- Australian daybill poster
- Directed by: John Krish
- Written by: Kenneth Hayles Pat Latham (as Patricia Lathan) Lester Powell
- Produced by: William N. Boyle
- Starring: Clifford Evans
- Cinematography: Basil Emmott
- Edited by: John Seabourne
- Music by: Lambert Williamson
- Production companies: William N. Boyle Productions Republic Productions (Great Britain) Ltd.
- Distributed by: Republic Pictures (U.S.)
- Release date: 1963;
- Running time: 70 minutes
- Country: United Kingdom
- Language: English

= Companions in Crime =

1963 British film by John Krish

Companions in Crime (also known as Stryker Strikes Twice) is a 1954 British crime film directed by John Krish and starring Clifford Evans, George Woodbridge and Kenneth Haigh. It was written by Kenneth Hayles, Patricia Lathan and Lester Powell, as a spin-off from the television series Stryker of the Yard, and features two cases originally transmitted as separate episodes: "The Case of the Two Brothers" and "The Case of the Black Falcon".

==Plot==
Two cases for "Inspector Stryker". In the first case, the detective utilises the aid of young Martha to clear her fiancé, John Kendall, who has been falsely convicted of murder. In the second, Stryker is tipped off that a yachtsman is a jewel smuggler.

==Cast==
- Clifford Evans as Chief Inspector Robert Stryker
- George Woodbridge as Sergeant Hawker
- Kenneth Haigh as John Kendall
- Maurice Kaufmann as Arnold Kendall
- Christine Silver as Mrs. Kendall
- Eliot Makeham as Councillor Sandford
- Dorothy Alison as Sheila Marsden

==Reception==
The Monthly Film Bulletin wrote: "Two slight crime stories add up to an overlong picture which hasn't the material to justify its length. Unambitious direction and indifferent scripts add little to the simple, under-developed themes."

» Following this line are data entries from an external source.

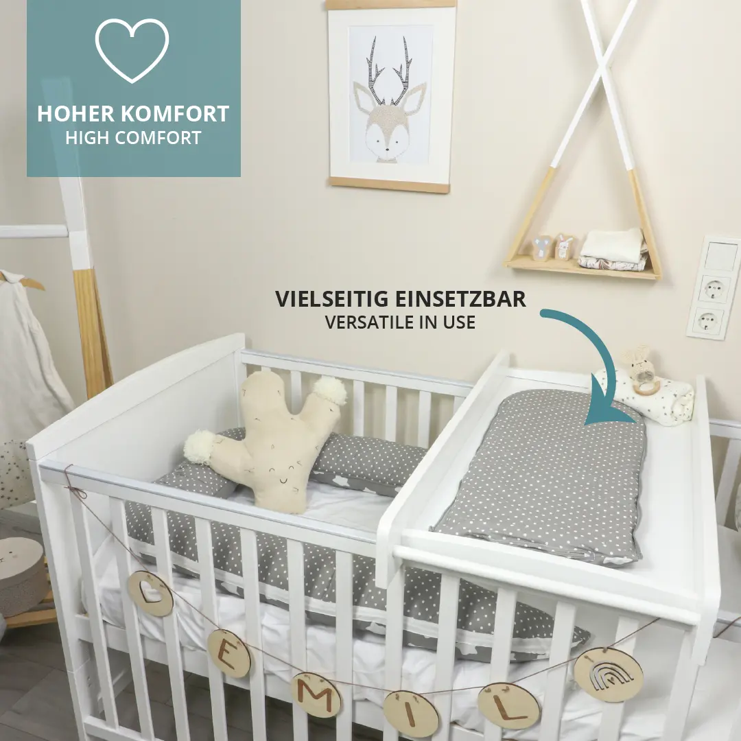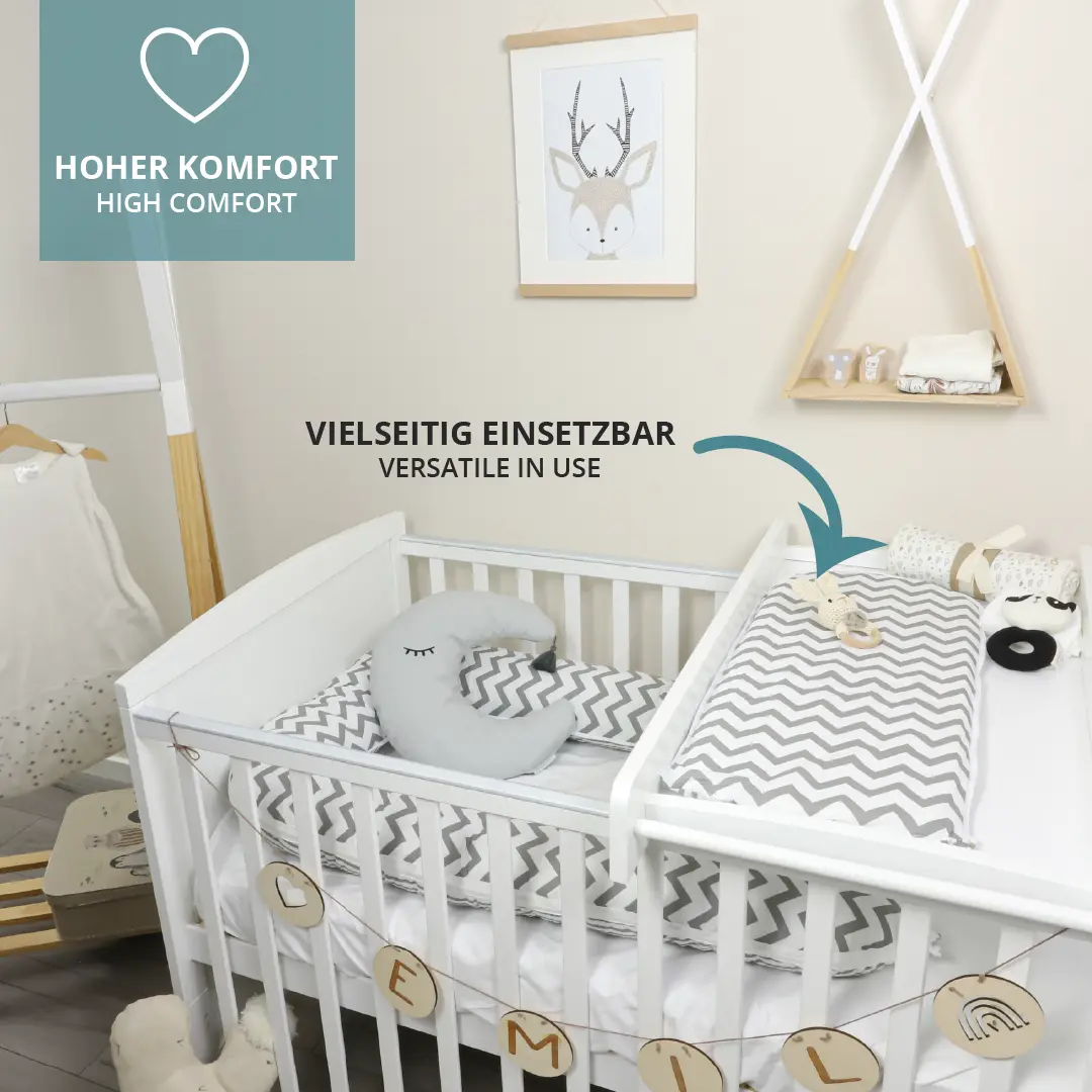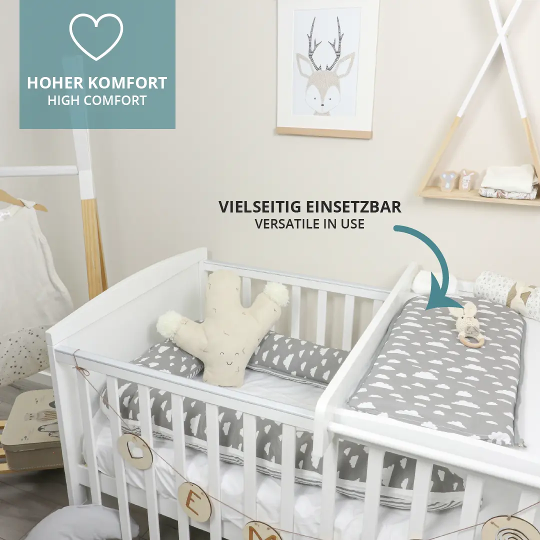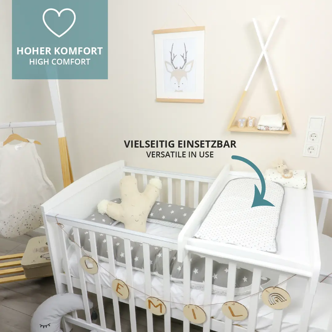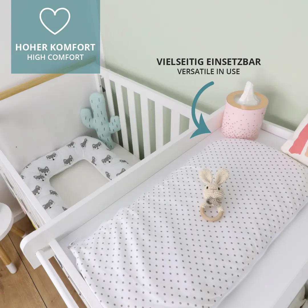 Babynester werden auch gerne Kokons genannt, denn sie umwickeln die Kleinen und bieten ihnen einen sicheren und warmen Ort, der sie an den Mutterleib erinnert. Ein Babynest ist in vielerlei Hinsicht praktisch: Es dient in erster Linie natürlich als kuscheliger Schlafplatz für Dein Baby. Das Nest grenzt den Raum im Babybett etwas ein, sodass das Baby sich nicht zu viel umherdrehen kann. Die Babynest-Schlange dient zudem als schützender Rand.
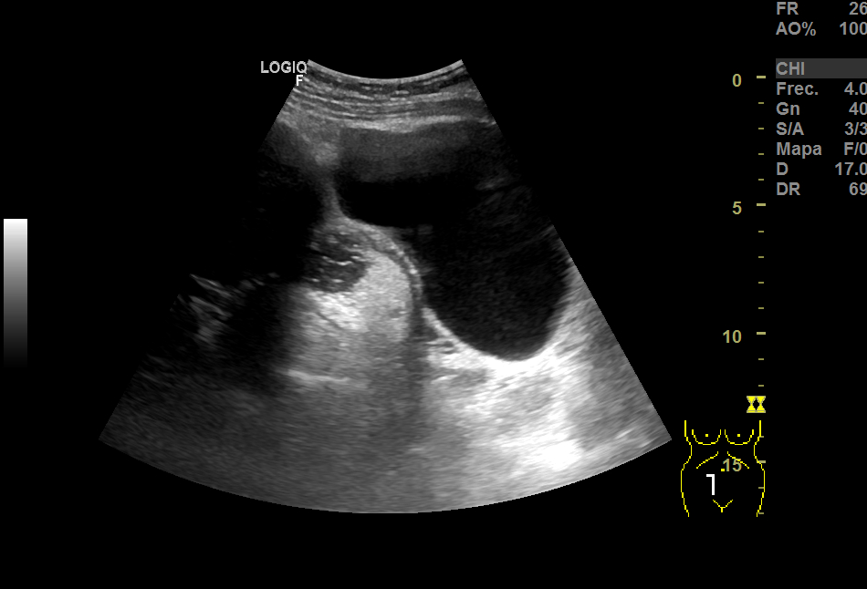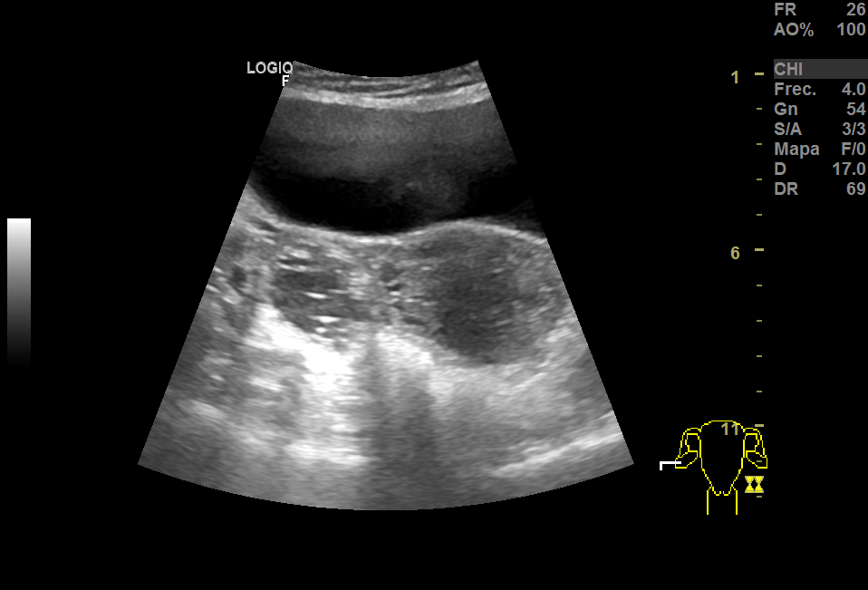 Realizamos una ecografía en el centro de salud y objetivamos, adyacente a útero, una imagen heterogénea de gran tamaño (15x8 cm), con vascularización, que podría corresponder a un mioma gigante. En anejo derecho, imagen redondeada de aproximadamente 3 cm en cuyo interior aparecen líneas hiperecogénicas en un fondo hipoecoico que podrían corresponder a teratoma, sin descartar otra patología. Ante la duda, derivamos a ginecología.
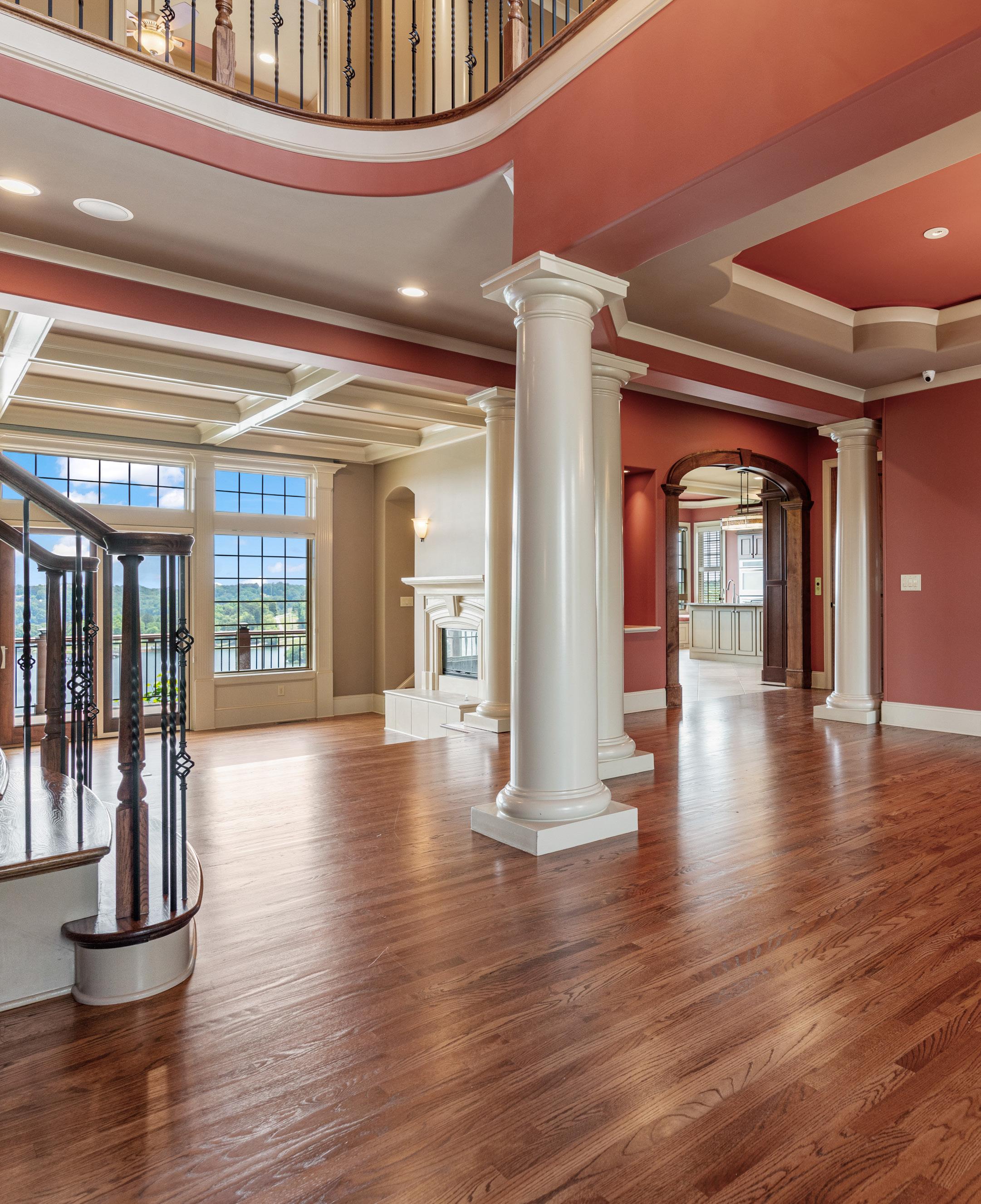 Perched atop one of Gainesville’s highest points, this custom Lake Lanier home offers stunning lake and mountain views. Set in an exclusive gated enclave, the three-level residence features elevator access, a brickand-stone exterior, and a classic barrel tile roof.
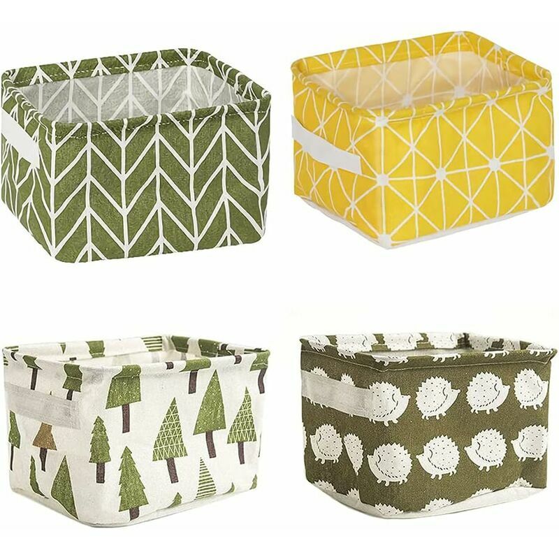 Lino Colore: come da foto Dimensioni: 20 x 16 x 13 cm / 7,87 x 6,3 x 5,12 pollici Quantità: 4 pezzi La confezione include: 4 mini cestini quadrati Note: 1. A causa della differenza di impostazione
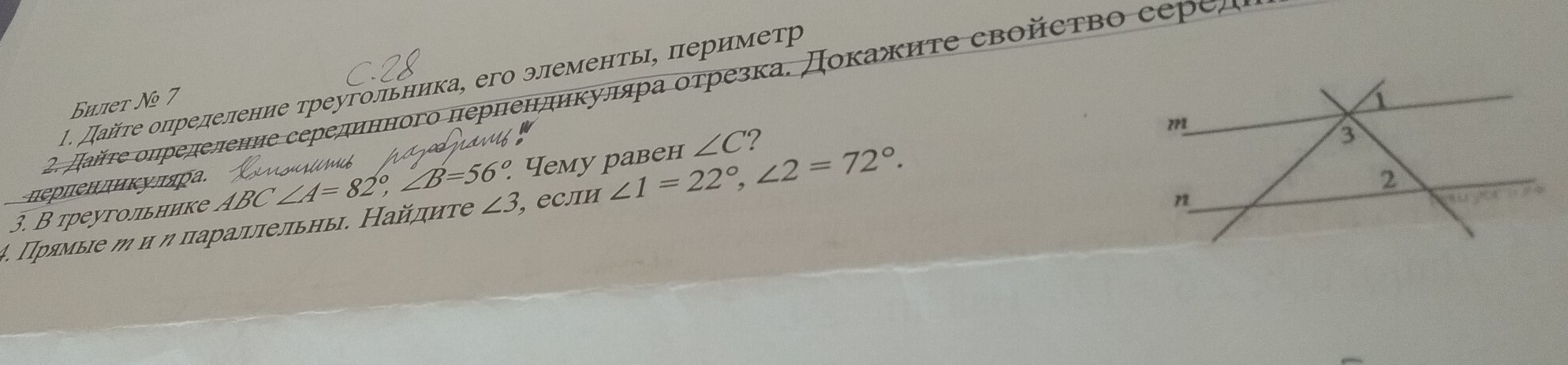 3) ∠А+∠В+∠С=180° ⇒ ∠С=180°-∠А-∠В=180°-82°-56°=42°
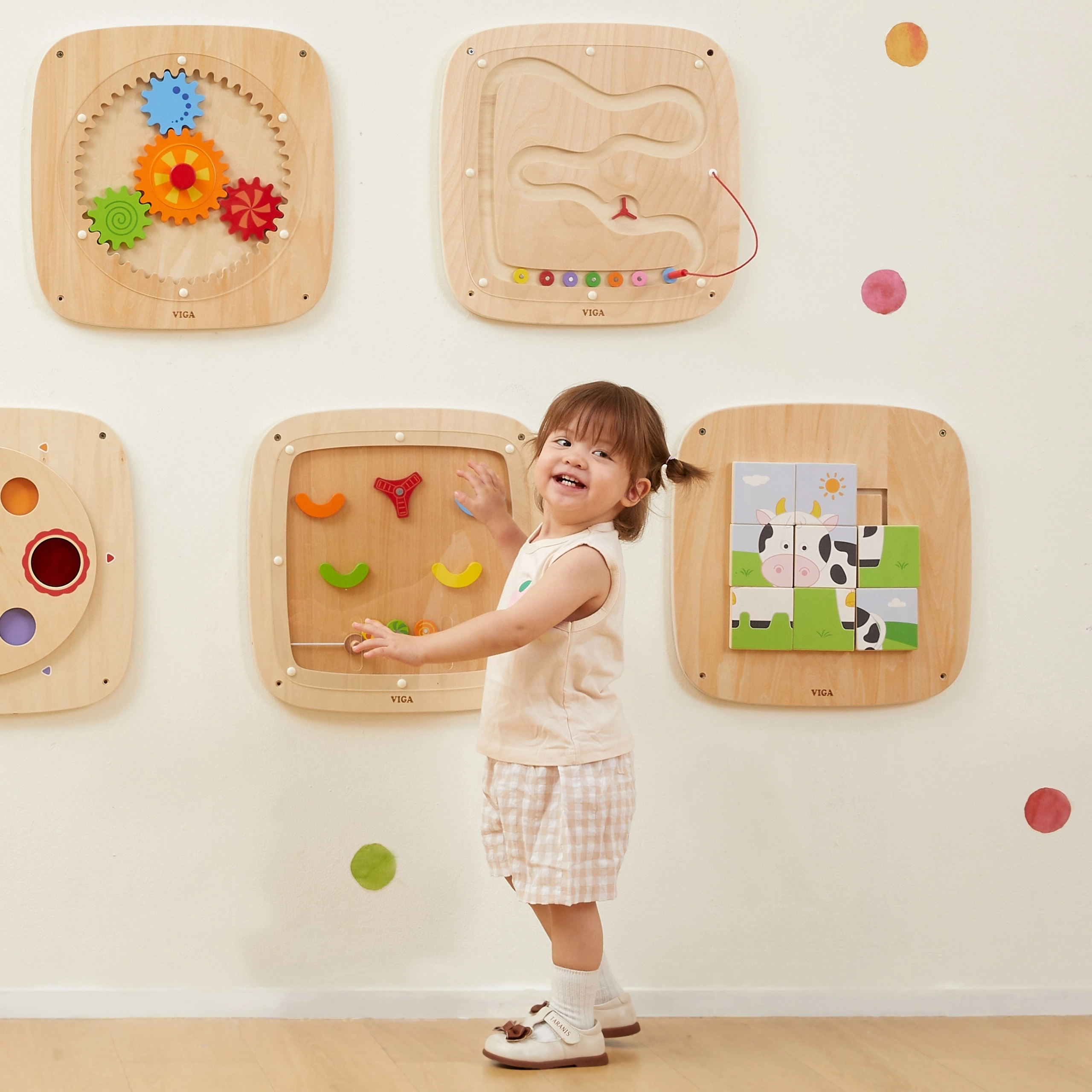 Dank der robusten Holzausführung und abgerundeten Kanten ist das Spielzeug langlebig und sicher für den täglichen Gebrauch. Die Wandmontage spart Platz und unterstützt eine aufgeräumte Umgebung ohne lose Teile auf dem Boden.
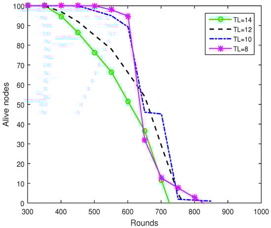 Network lifetime of proposed mechanism with different energy Total Level (TL).
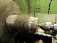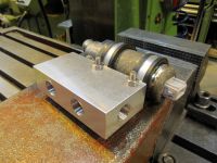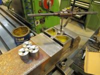 Nå som blokka er på spec, gjenstår det å kjøre foringer: Oppspenningsverktøyet jeg lagde for noen uker siden er nå spent opp i dreebenken og klar for action for første gang
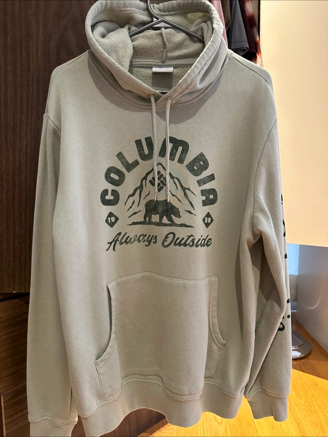 Cozy Columbia hoodie featuring the 'Always Outside' design! It's in great shape and ready for a new home. Perfect for those cooler Canadian evenings or layering up for outdoor adventures
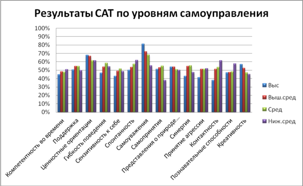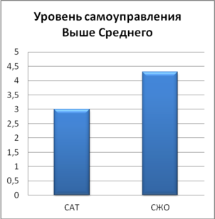 Результаты проведенного исследования показали, что уровень развития у студентов способности к сознательному управлению своим поведением и деятельностью имеет показатели устойчиво выше среднего САТ и СЖО с различными группами респондентов по уровню самоуправления, получаем следующие результаты:.
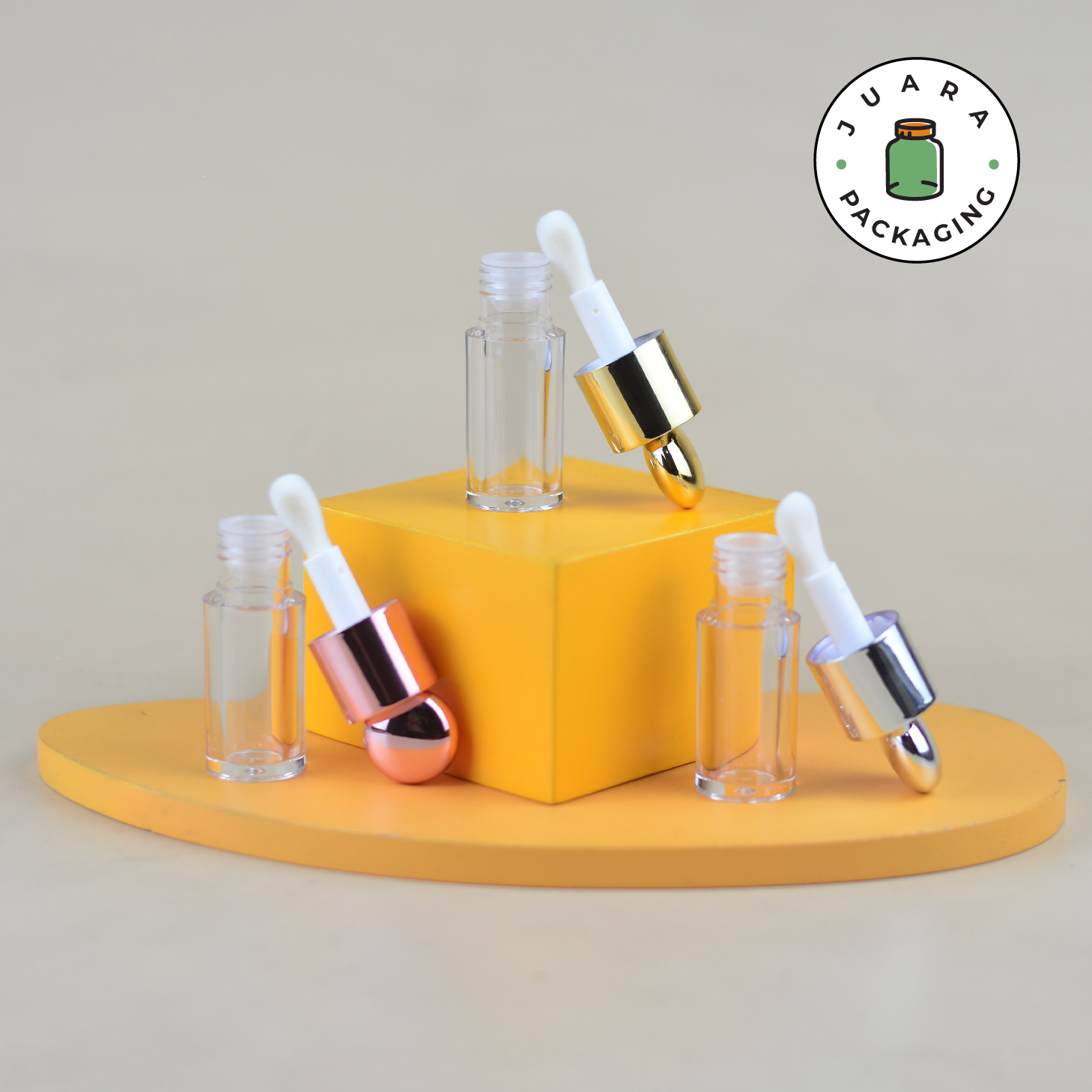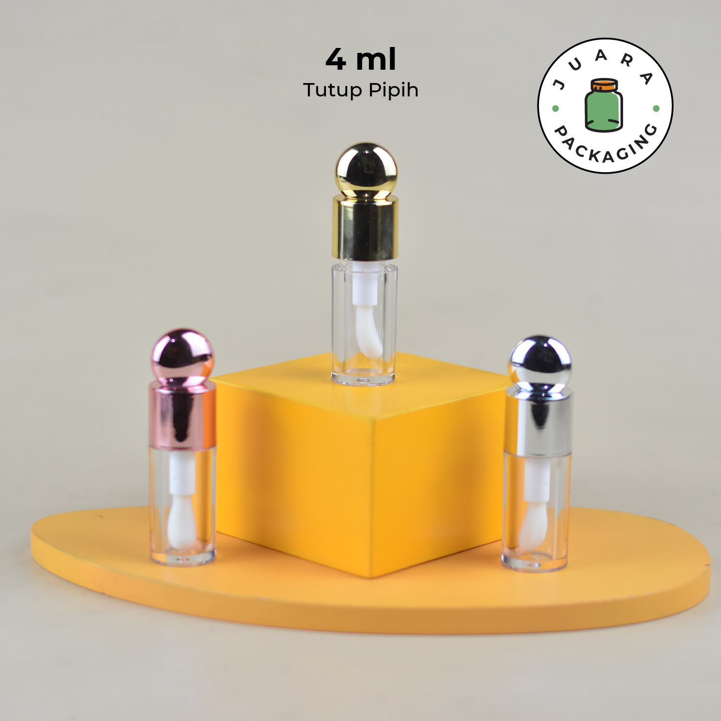 Wadah Lipcare 4ml berbahan acrylic bening dengan tutup metallic pipih gepeng ini menawarkan desain unik dan elegan. Kemasan produk ini cocok untuk liquid lipstick, lip serum, lipbalm, atau lipgloss. Tampil stylish dan praktis, wadah ini membuat produk kecantikan Anda lebih menarik dan profesional di pasaran.
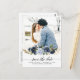 Navy Royal Blue Blush Floral Photo Save the Date P Postcard
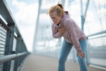 Woman experiencing chest pain while running on bridge

Kine Weekly wrote: "The picture keeps Stryker, competently portrayed by Clifford Evans, and his stooge, Sam, amusingly drawn by George Woodbridge, out of things during the initial stages, but they, nevertheless, come up fast on the rails and contribute to two exciting finishes. Rest of the players sound, and London and Thames backgrounds first rate. The two halves make a better than average whole."

Picturegoer wrote: "Split-second timing and no frills are the requirements for these package thrillers, designed for American commercial television. The stories here, though modest, are neat and competent."